Comfort zone? Gvasalia was talking about at least a few things there, not just the pleasant leafy surroundings and the simple, happy escape into nature possible even in the midst of a modern city as stressed as Paris. The "comfort" was also in the the way so many of the clothes—washed-out jeans, schlumpy linen jackets, generic Hawaiian-print shirts, nasty, big old anoraks—were constructed to look as if they'd been dug from the archaeological layers of a man-horded wardrobe going back to the late '80s or early '90s.
Part of Gvasalia's agenda here was the re-cooling of the absolutely uncool—the polo and rugby shirt; the excruciating visuals of the hoiked-up and the tucked-in. A central item in that re-presentation was the rumpled-up, lopsided linen-look '80s tailored 'granddad' jacket. Relics of the kind can be found in charity shops everywhere. At Balenciaga, they come deliberately weighted in the pockets and linings to reproduce that specific attitude of lived-in droopiness.

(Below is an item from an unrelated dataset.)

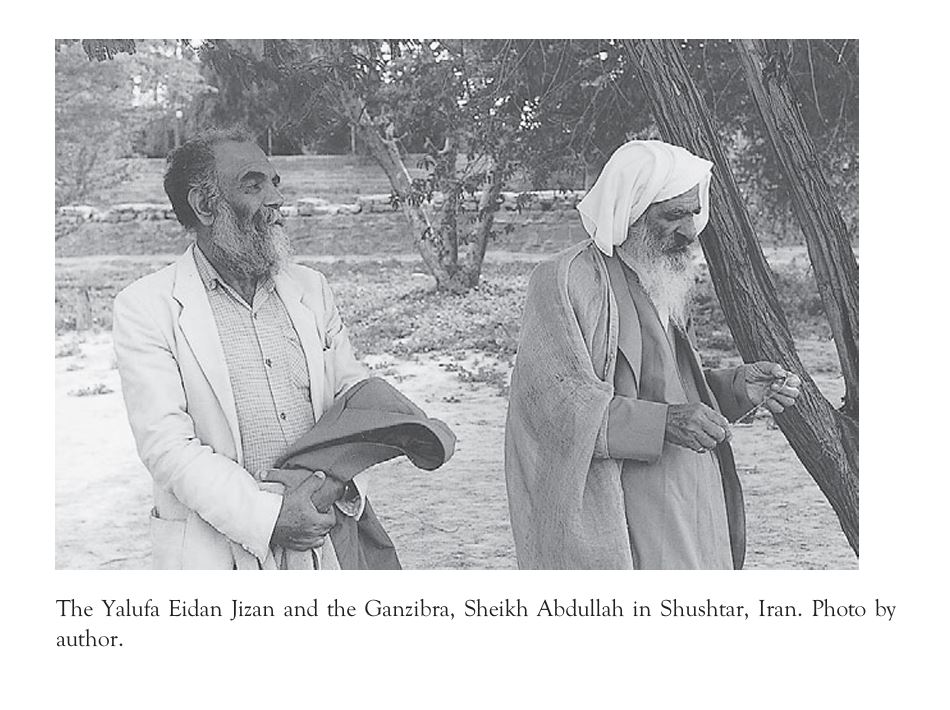 دخلنا الفناء المغلق لمنزل الشيخ عبد الله الخفاجي، زعيم المندائيين في إيران. رأيت أبقارًا مربوطة على جانب واحد. جاءت امرأة جميلة جدًا، بلا حجاب، ذات عظام خد عالية، وعيون زرقاء، وشعر أشقر داكن، ابتسمت لنا. أسرت هناء بجمالها وأثنت عليها، وضحكت وصفقت بيديها. قادنا شاب، أحد أحفاد الشيخ، إلى الطابق العلوي. حذرنا ألا نلمس الشيخ، الذي يجب أن يظل طاهرًا. جلب لنا أكواب كولا وجلستنا ننتظر في الغرفة العليا.
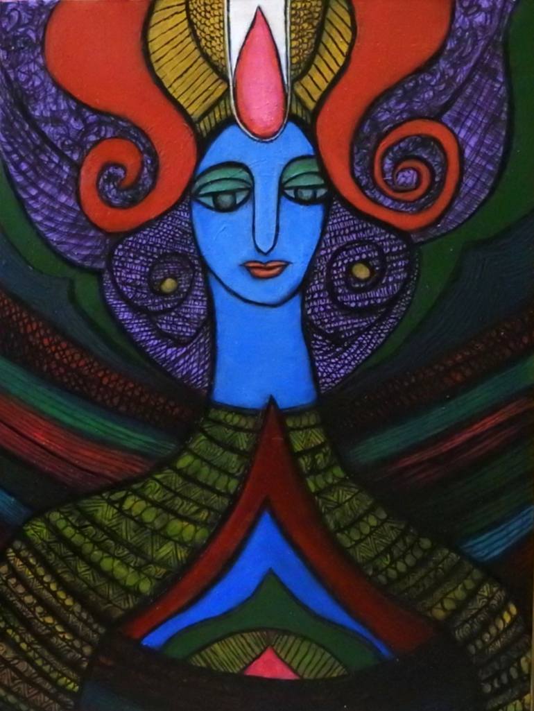 Here lotus is a symbol of Lord Vishnu , who holds the lotus in his hand and his wife Goddess Lakshmi rests herself on lotus also. In this painting the presence of lotus petal in the "Tilak" of his forehead and in the core of his heart defines the beauty and divine fragrance of lord Vishnu.

Let it not be thought that this was simply some big, wholesome, traditional family-values excursion to the country. Some of the men in the Balenciaga forest who didn't come with kids looked like hard-living representatives of decades of European nightclub culture—a place Gvasalia has been in, appreciated, and now consciously withdrawn from. On that level, the show read as an ambivalent, autobiographical piece. The show wasn't accompanied by serene woodland noises but side-blasted by loud techno music. It turned out to be a cover of Muse's 1999 song "Unintended" composed by Gvasalia's musician boyfriend Loick. "I'm busy mending broken pieces of the life I had before" goes one line. Nevertheless, it's a kind of love song.
Apart from the time Gvasalia dedicates to being artistic director at Balenciaga in Paris, he has relocated his home (and the Vetements headquarters) to the sparklingly clean Zurich. The distance has given him an appreciation of the surprisingly simple pleasures in life, though still salted with his characteristic sense of humor. A new Balenciaga flat bag, for example, is inspired by the shape of the plastic carriers dispensed at off-license liquor stores everywhere—surely an instantly more affordable update on the already extremely successful Balenciaga 'Market' bag.
Many people at this show took away different things. Everyone had read the slogans which appeared here and there; the iterations of the word for Europe, the exhortation to THINK BIG, and THE POWER OF DREAMS. Meanings slip and slide. Yet in the middle of this forest, in the middle of a European city which has armed police on antiterrorism alert on every corner, this complex designer is still flying the flag for optimism, or as he put it, "The dream of good things and peace. To me, the kids represent that hope."
Vogue has removed a look from this collection at Balenciaga’s request.